When Philosophers Are Blinded By Theory
03-18-2020By Roger Berkowitz
The European Journal of Psychoanalysis has published a symposium “Coronavirus and Philosophers.” It begins with an excerpt from Michel Foucault’s Discipline and Punish about the quarantine of a town during the plague in the 17th century.
The plague is met by order; its function is to sort out every possible confusion: that of the disease, which is transmitted when bodies are mixed together; that of the evil, which is increased when fear and death overcome prohibitions. It lays down for each individual his place, his body, his disease and his death, his well-being, by means of an omnipresent and omniscient power that subdivides itself in a regular, uninterrupted way even to the ultimate determination of the individual, of what characterizes him, of what belongs to him, of what happens to him. Against the plague, which is a mixture, discipline brings into play its power, which is one of analysis.
Following Foucault’s reflections on the disciplinary fight against disorder, the journal publishes a more recent essay from February 26th by the Italian political philosopher Giorgio Agamben. Sounding much like President Donald Trump from recent weeks, Agamben writes of the “alleged epidemic of coronavirus” and argues that the disease is not worse than the flu. The fight against the Corona Virus, Agamben argues, is simply a way for Western states to augment their disciplinary power. Fitting the outbreak and the response to it within his overarching theory about the way modern states mobilize fear to assume authoritarian and dictatorial powers, Agamben offers a fearsome example of what Hannah Arendt saw to be the dangers of theorizing, the blindness to reality that can come from a too-strong love for one’s own theoretical fantasies.

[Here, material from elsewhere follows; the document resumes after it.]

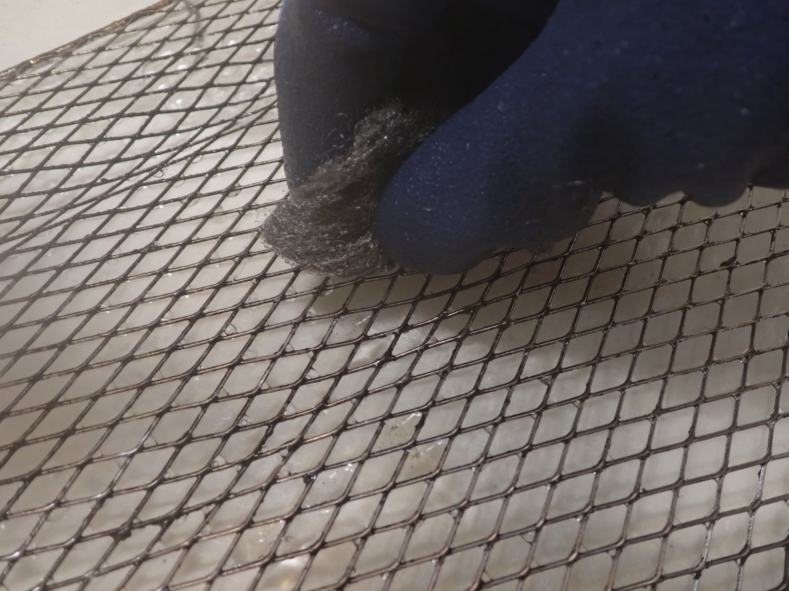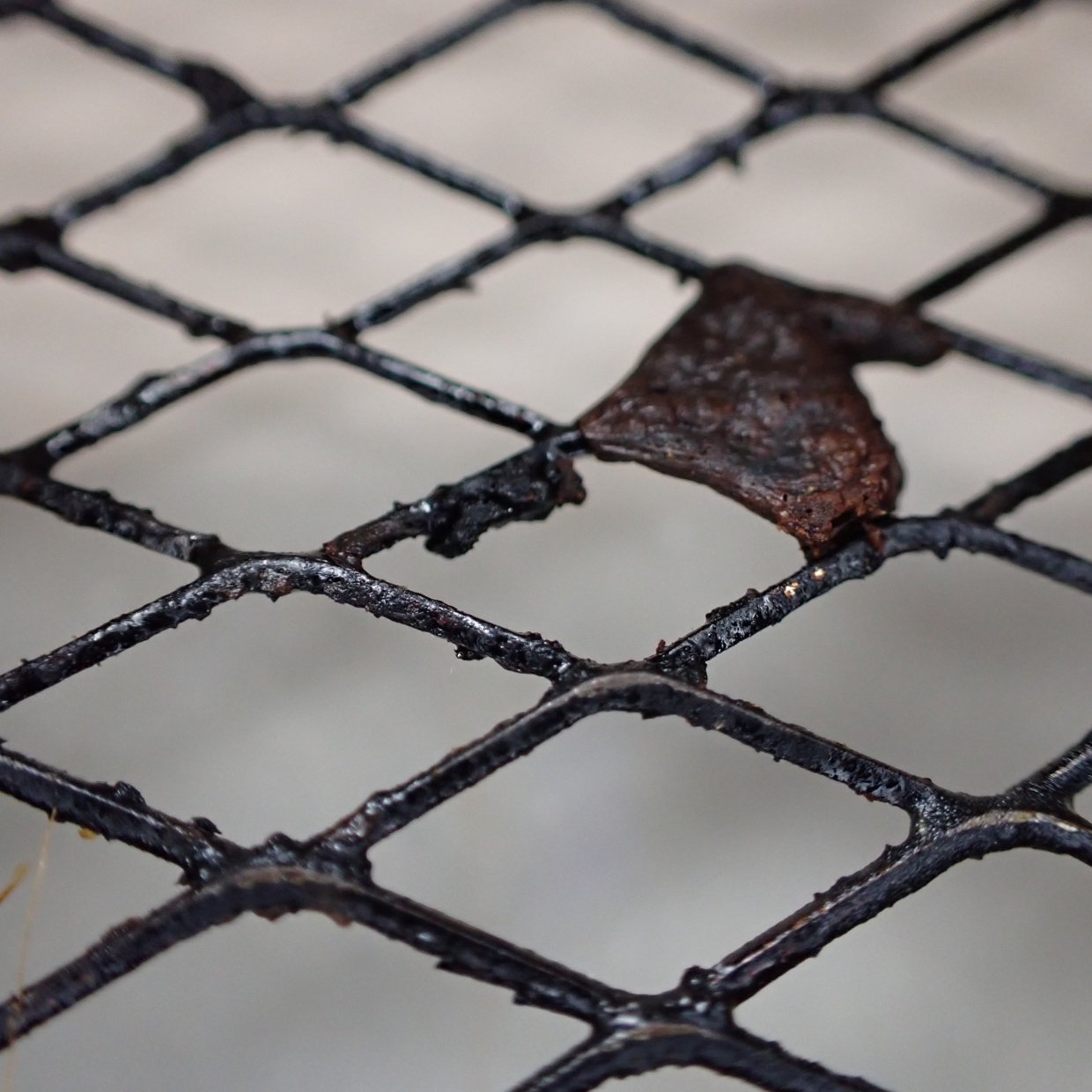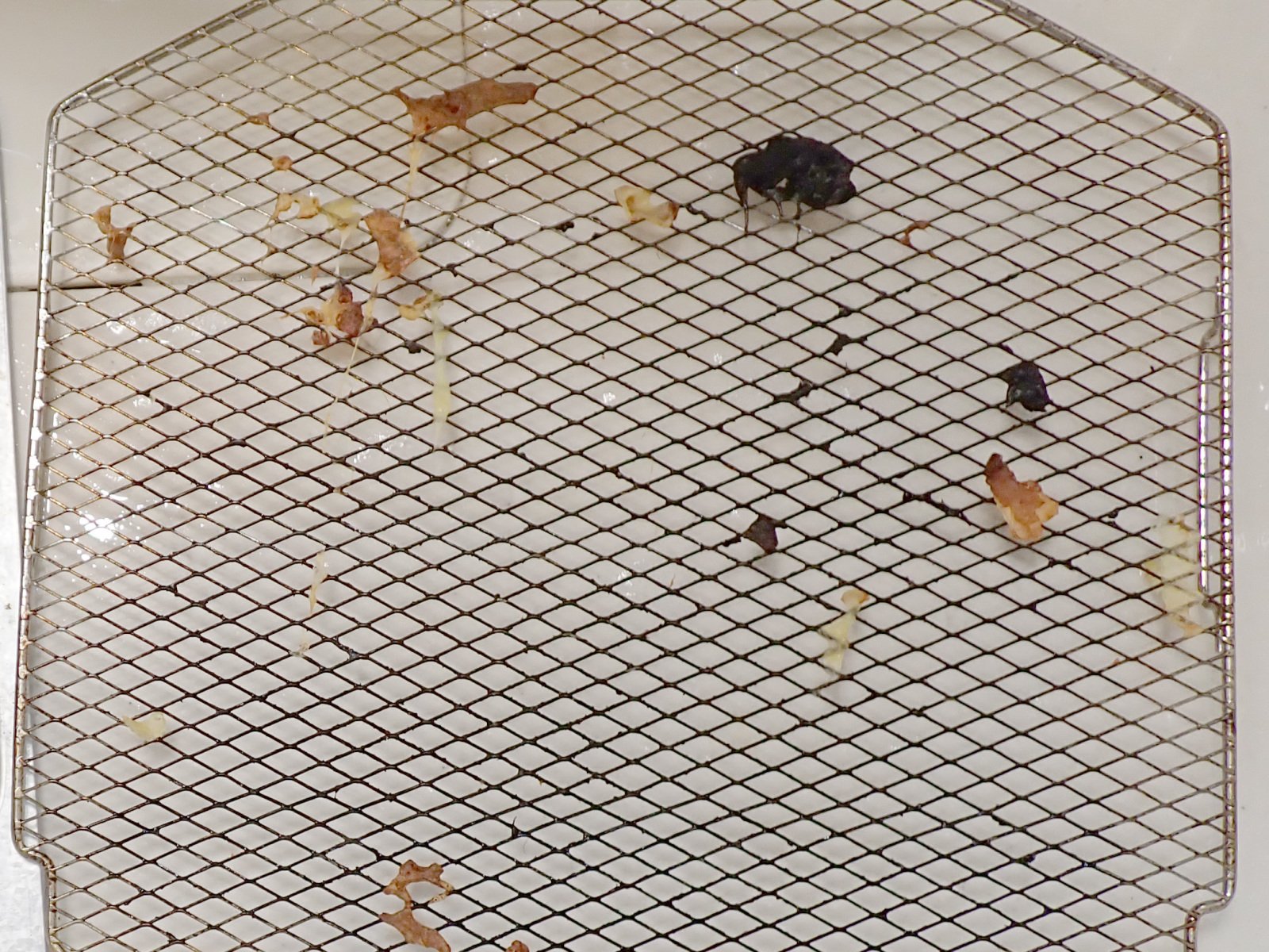 今回のターゲットは、購入してから掃除をした覚えがない残念なトースターの網です。パンくずやチーズの残骸、もはや何のコゲだかわからないものまでビッシリ。そして全体的に焦げて黒く変色しています。

The disproportionate reaction to what according to the CNR is something not too different from the normal flus that affect us every year is quite blatant. It is almost as if with terrorism exhausted as a cause for exceptional measures, the invention of an epidemic offered the ideal pretext for scaling them up beyond any limitation.
The other no less disturbing factor is the state of fear that in recent years has evidently spread among individual consciences and that translates into an authentic need for situations of collective panic for which the epidemic provides once again the ideal pretext. Therefore, in a perverse vicious circle, the limitations of freedom imposed by governments are accepted in the name of a desire for safety that was created by the same governments that are now intervening to satisfy it.